= Amadeo Trinchitella =

Amadeo Trinchitella (died February 4, 2005) was an American political organizer for the Democratic Party. He was best known for his power in retirement communities in Broward County, Florida.

== Biography ==
Trinchitella served as a marine in World War II. Afterwards, he worked as a piano mover, and eventually ran a bar and restaurant in New York City. In 1976, he retired to a condominium in Century Village in Broward County, Florida. Broward County in the 1970s–1990s was a stronghold of voters for the Democratic Party, and one of the nation's most politically active counties.

Upon arriving, Trinchitella quickly became involved in organizing other condominium owners, eventually becoming head of the Recreation Committee of the Condominium Owners of Century Village East. He soon developed a reputation for being able to get thousands of retirees to the polls during elections. In recognition of this, Democratic candidates for statewide office frequently visited Century Village, and votes from the area were cited as particularly important in the 1996 and 2000 presidential elections. Trinchitella used his sway to advocate for construction of a health clinic in Century Village and an elementary school in Deerfield Beach, and against construction of the SW 10th street connector between Interstate 95 and Florida State Road 869.

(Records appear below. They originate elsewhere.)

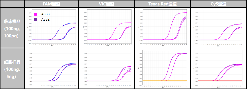 2×Multiplex 一步法qRT-PCR 探針法檢測預混液(UNG)(Cat#A382)與 Multiplex 一步法qRT-PCR試劑盒-探針法(UNG)(Cat#A388)的性能一致,檢測效率相當。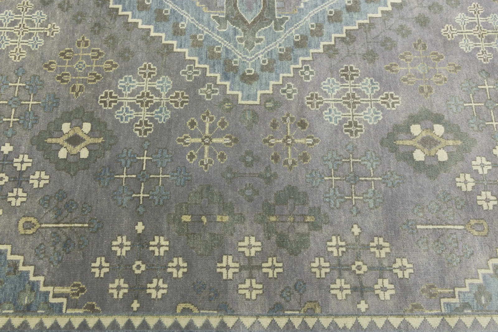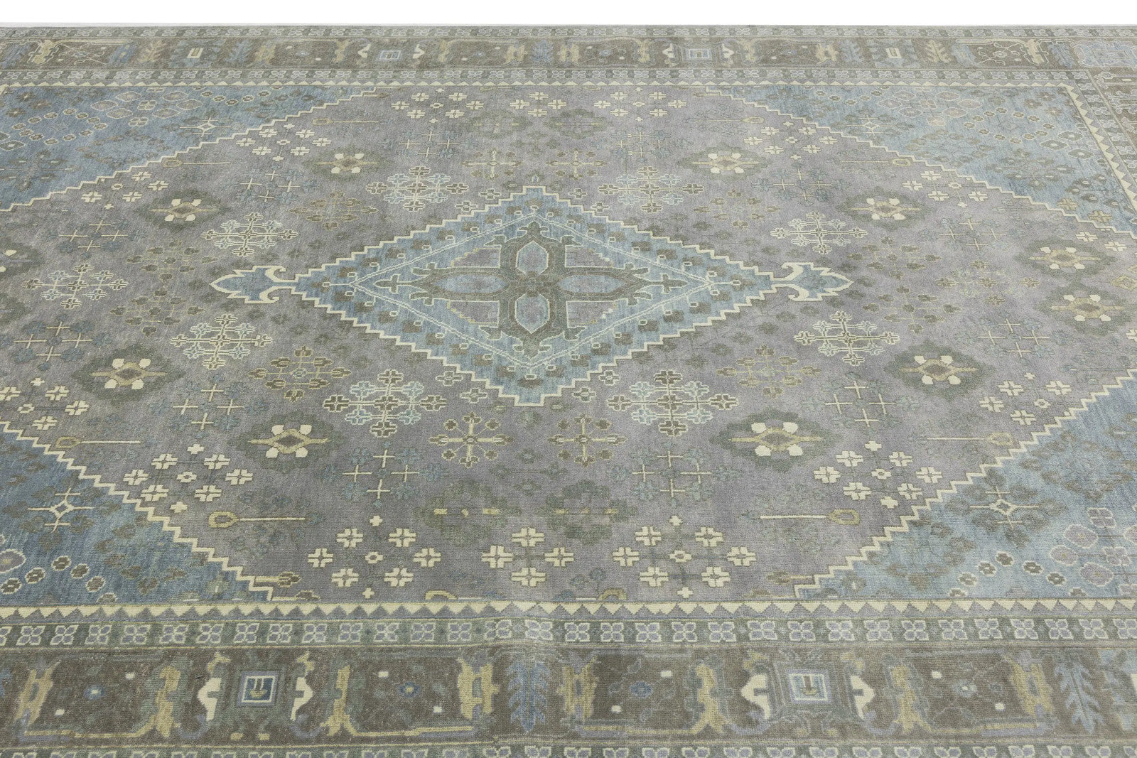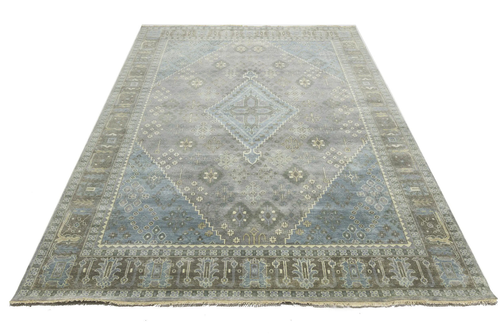 Handmade 9x12 ft Tribal Geometric Oriental Rug from India, crafted from wool with muted colors and a hand-knotted weave.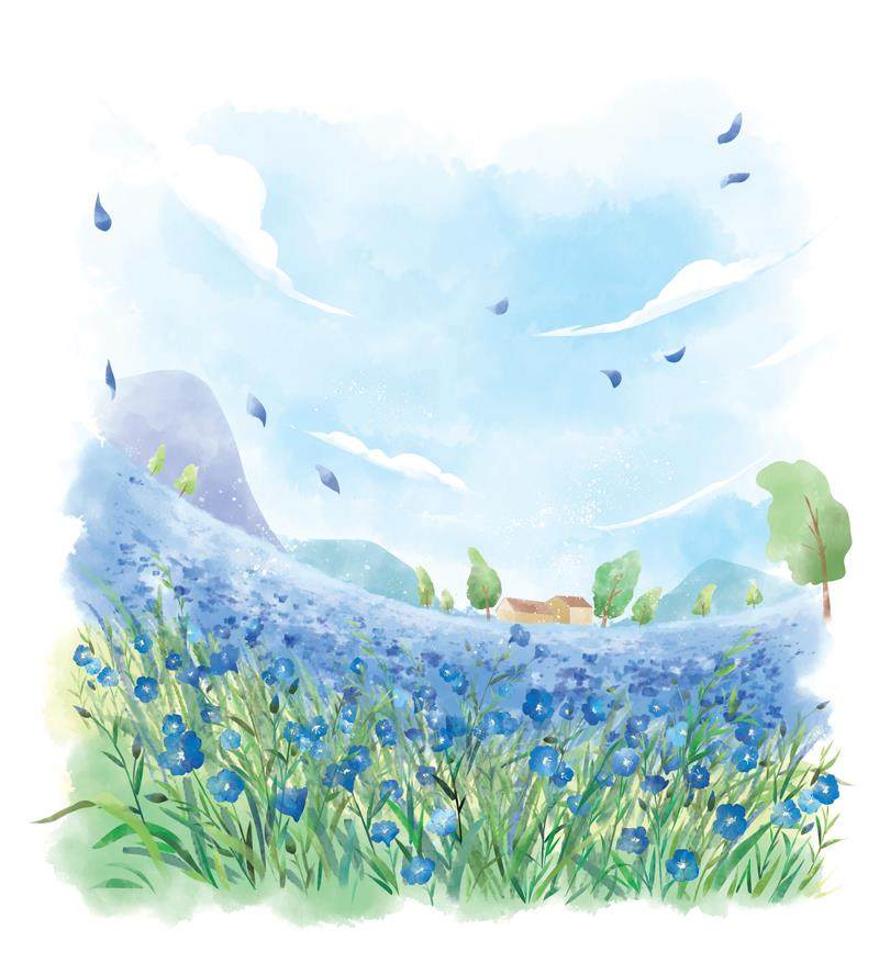 我常常会想起故乡。那是晋北黄土高原上的一个小县城,它的周围群山环绕,绿树成荫。高高低低、宽宽窄窄的田野里,生长着各种各样的农作物,有黄豆、黑豆、豌豆、谷子、黍子、莜麦、荞麦等。其中最让我着迷的,就是一种叫胡麻的植物了。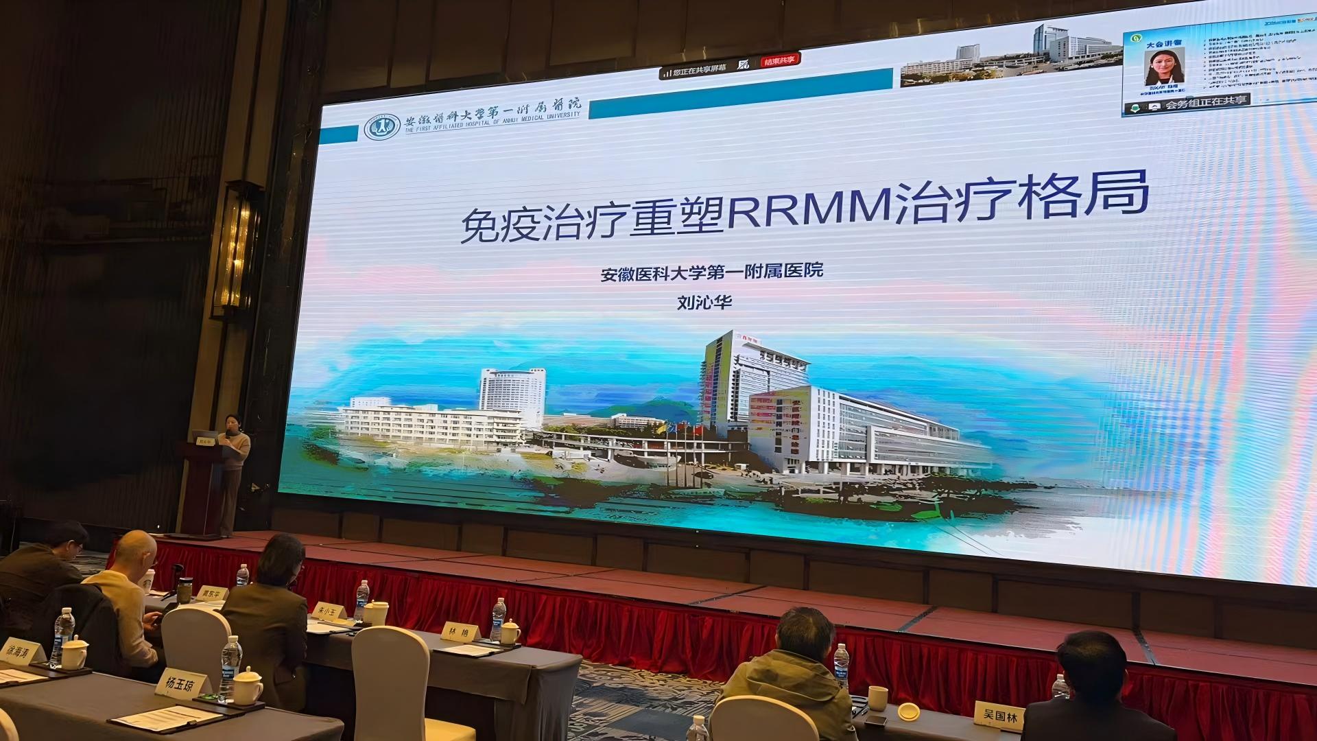 在学术报告环节,安徽医科大学附属第一医院刘沁华教授系统梳理了复发/难治性多发性骨髓瘤(RRMM)的免疫治疗新进展;中国科学技术大学附属第一医院(西区)吴国林教授深入解读了适合移植的新诊断多发性骨髓瘤(TIE NDMM)的治疗策略。此外,常州市第一人民医院林艳教授通过典型病例分享,生动展示了免疫治疗在临床实践中的应用价值。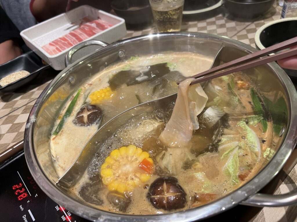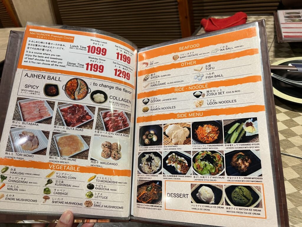 豬肉與雞肉的涮涮鍋午餐吃到飽為899披索(約2,386日圓),平日晚餐為999披索(約2,652日圓)。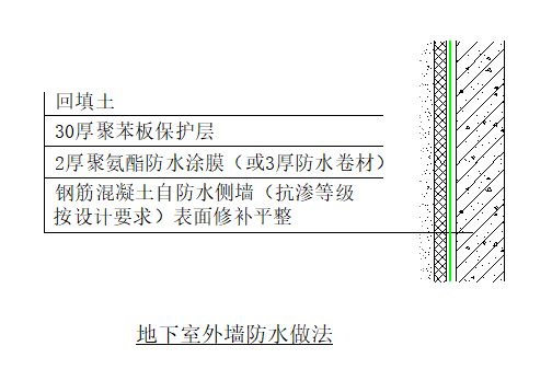 适用地下室外墙内侧为室内(如私家住宅、车库、功能房、架空活动区)的外墙防水做法。
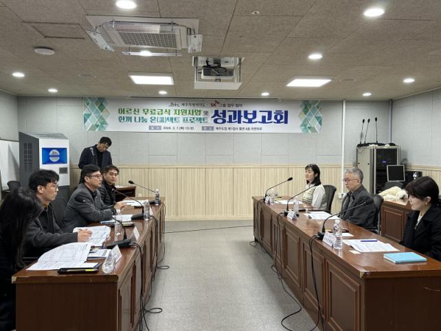 °ÀÎö Á¦ÁÖµµ º¹Áö°¡Á·±¹ÀåÀº ¡°Çù¾àÀ» ÅëÇØ 3³â°£ À̾îÁ® ¿Â ¹«·á±Þ½Ä Áö¿ø»ç¾÷ÀÌ È¥ÀÚ ³¢´Ï¸¦ °ÆÁ¤ÇÏ´Â ¾î¸£½ÅÀÇ ÀÏ»ó¿¡ ÀÛÀº µµ¿òÀÌ µÇ±â¸¦ ¹Ù¶õ´Ù¡±¸ç ¡°¾ÕÀ¸·Îµµ Ȧ·Î »ç´Â ¾î¸£½ÅµéÀÇ ½Ä»ýȰÀÌ °³¼±µÉ ¼ö ÀÖµµ·Ï °ü°è±â°ü°ú Çù·ÂÇØ ³ª°¡°Ú´Ù¡±°í ¸»Çß´Ù.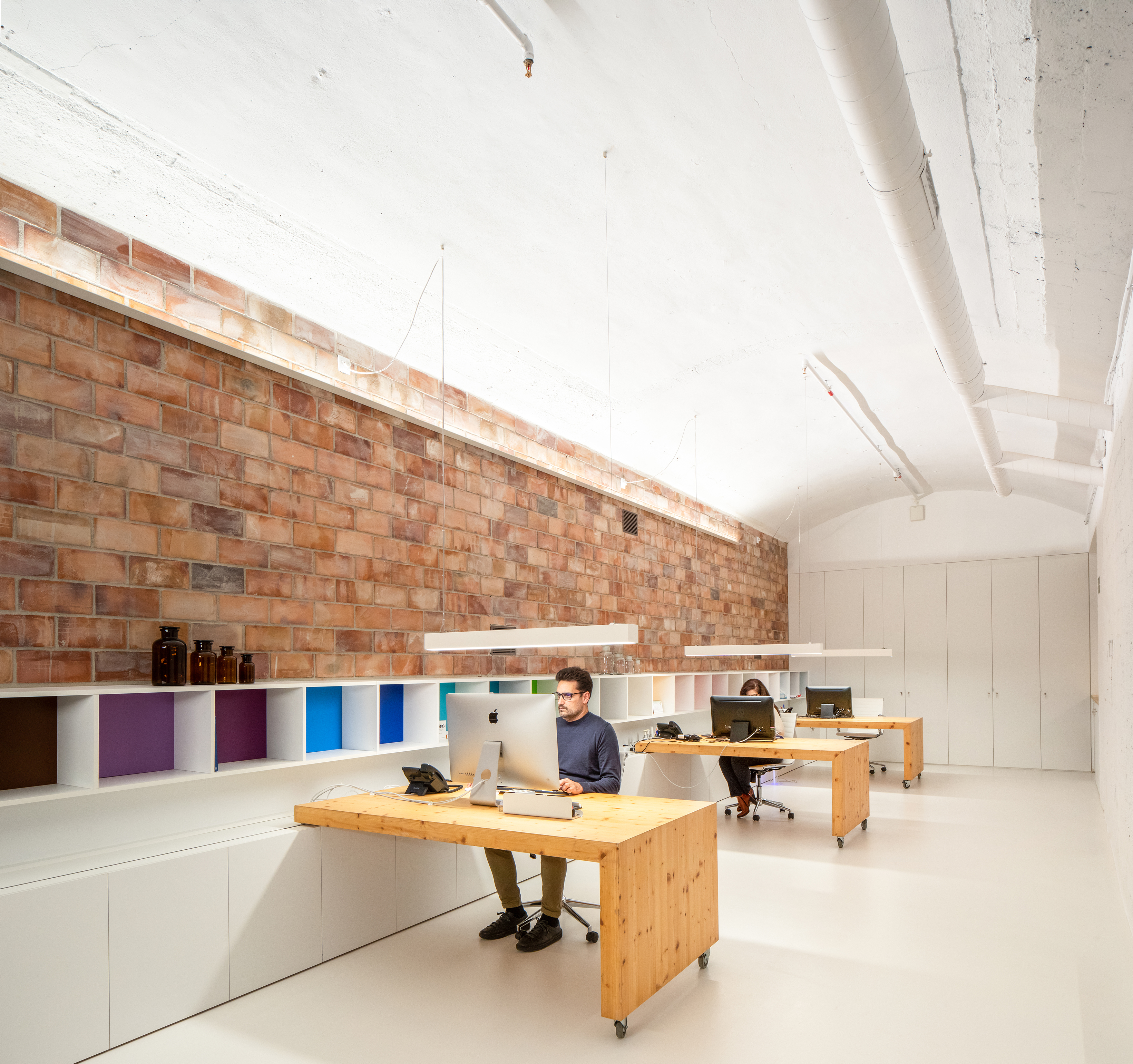 In the ground floor and basement of a corner building built in 1904, between Comerç and Ribera streets, we find the new headquarters of the dermatological company. Taking into account the company has a strong committment with the training of its employees and representatives the headquarters were in need of a training area. The ground floor with access from the street is distributed between two scopes, the hall and these formation area. The divisions between the spaces are conceived as containing walls of habitable furniture, harboring the necessary program and installations. On the other hand, three adjacent rectangular floor vaults made of ceramic brick conform the basement floor. This basement floor is thought from the idea of having again the original visual connections across a great central space with a large table. where habitually the main business activity resides as well as intersections and interactions of the daily company routine. The other two vaults are distributed parallel, and from every point of view, makes it possible to recognize the entire basement in its whole dimension. Both the original structure and the rediscovered materials had been considered in the rehabilitation of this local, enhancing the preexisting space conditions and the heritage gathered over time. Rehabiting the space is the main intention of the project, from the beginning three premises had been taken into account respecting the existing: Recovering + Re-using + Re-lighting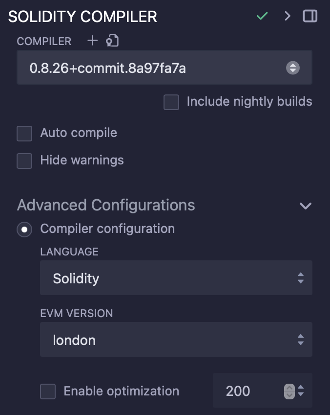 Navigate to the Solidity compiler tab on the left to view the compiler settings.
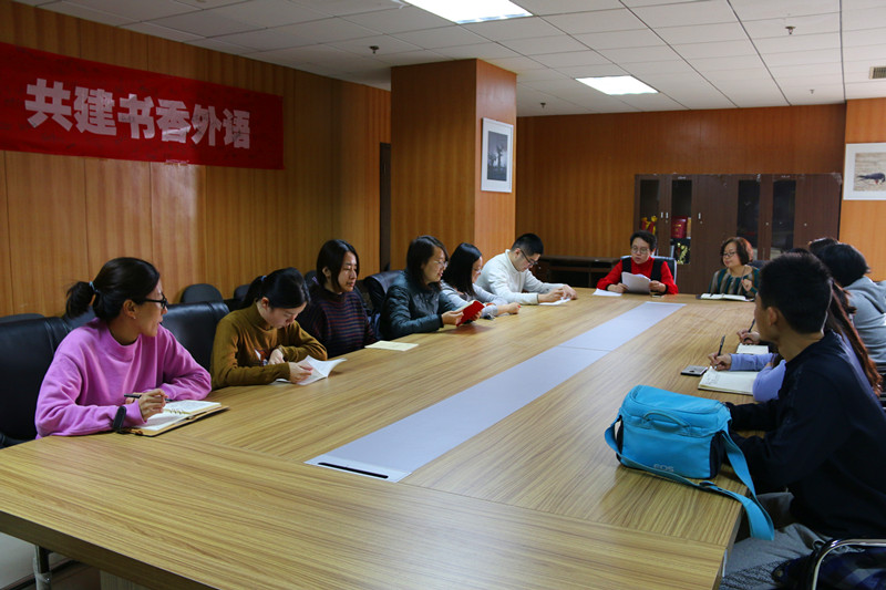 2019年11月6日中午12點,外語系師生聯合黨支部在明德樓228會議室召開對照黨章黨規找差距專題會議,支部全體成員參加此次會議,會議由支部書記倪洋主持。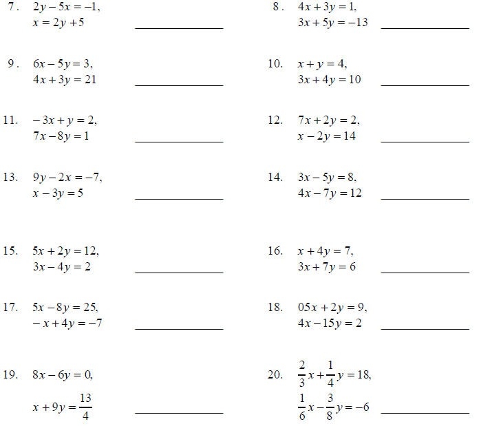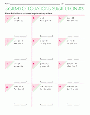 Let’s take a look at an example worksheet that involves both substitution and elimination methods. Consider the following system of equations:

In 1999, Trinchitella resigned from the Deerfield city commission. That year,The New York Times reported that "[n]o one gets elected in this part of Florida, everyone here says, unless first they talk to 'Trinchi.'" US President Bill Clinton deemed the politician Robert Wexler "Trinchi’s congressman" in recognition of the role that Trinchitella played in Wexler's election to the US House of Representatives.

== Personal life and death ==
Trinchitella was married to Maria for fifty years before she died in 1991. He died on February 4, 2005. In an obituary the Orlando Sentinel described him as a "democratic kingpin". His death was cited by several newspapers as marking the end of the era where Democrats in Broward County held substantial power.